What to work on -> All pictures are to be dropped, and the remaining data set down exactly.

Information provided ->

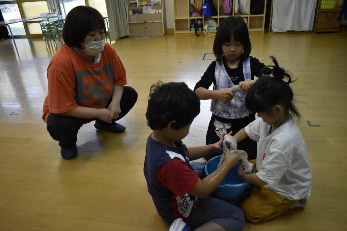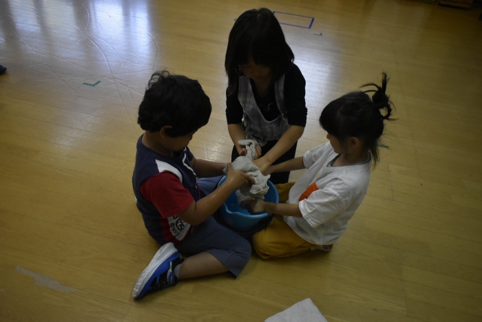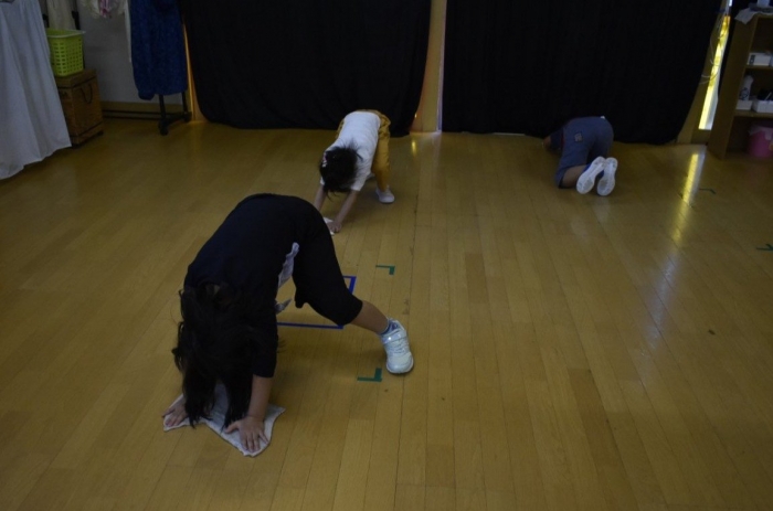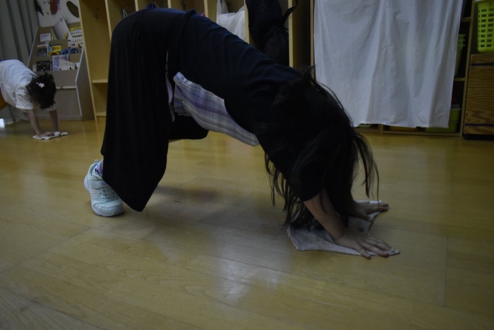 ④雑巾がけ  「ちょっと狭い」と言い合いながら3人同時に雑巾絞り
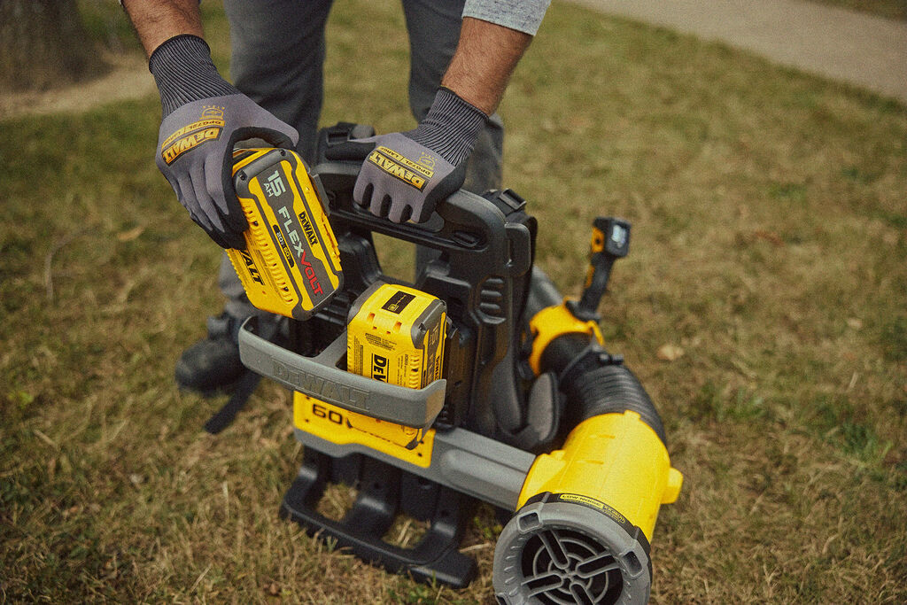 The 60V MAX* Brushless Backpack Blower effectively clears leaves and stubborn dirt. The unit is equipped with an ergonomic joystick control as well as a digital speed control and a clear display for real-time feedback. A waist belt and padded shoulder straps, which can be replaced if necessary, also contribute to ergonomic comfort. The placement of the batteries on the back plate has been designed with a balanced weight distribution in mind.
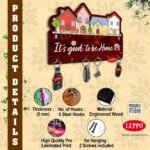 LEPPO Home Keys Wooden Key Holder (23 cm x 15 cm x 0.4 cm) Dl315 I 6 Hooks I Wall Decoration Item for Home Decor
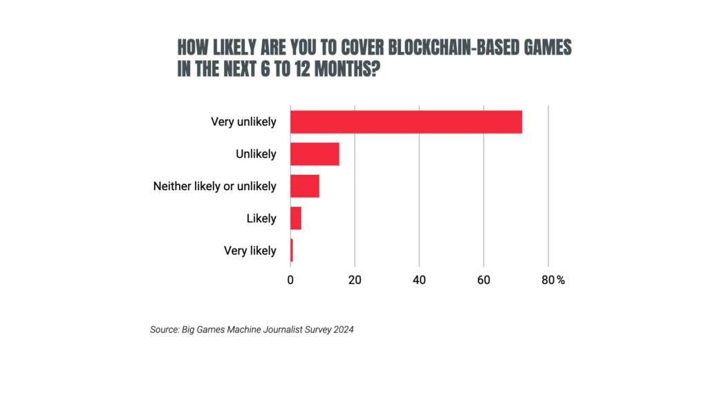 According to our survey, not very! 87% of game journalists are unlikely or very unlikely to cover blockchain games in the next six to 12 months, while only 4% are likely to cover them.

Answer section ->
 ④雑巾がけ  「ちょっと狭い」と言い合いながら3人同時に雑巾絞り
 The 60V MAX* Brushless Backpack Blower effectively clears leaves and stubborn dirt. The unit is equipped with an ergonomic joystick control as well as a digital speed control and a clear display for real-time feedback. A waist belt and padded shoulder straps, which can be replaced if necessary, also contribute to ergonomic comfort. The placement of the batteries on the back plate has been designed with a balanced weight distribution in mind.
 LEPPO Home Keys Wooden Key Holder (23 cm x 15 cm x 0.4 cm) Dl315 I 6 Hooks I Wall Decoration Item for Home Decor
 According to our survey, not very! 87% of game journalists are unlikely or very unlikely to cover blockchain games in the next six to 12 months, while only 4% are likely to cover them.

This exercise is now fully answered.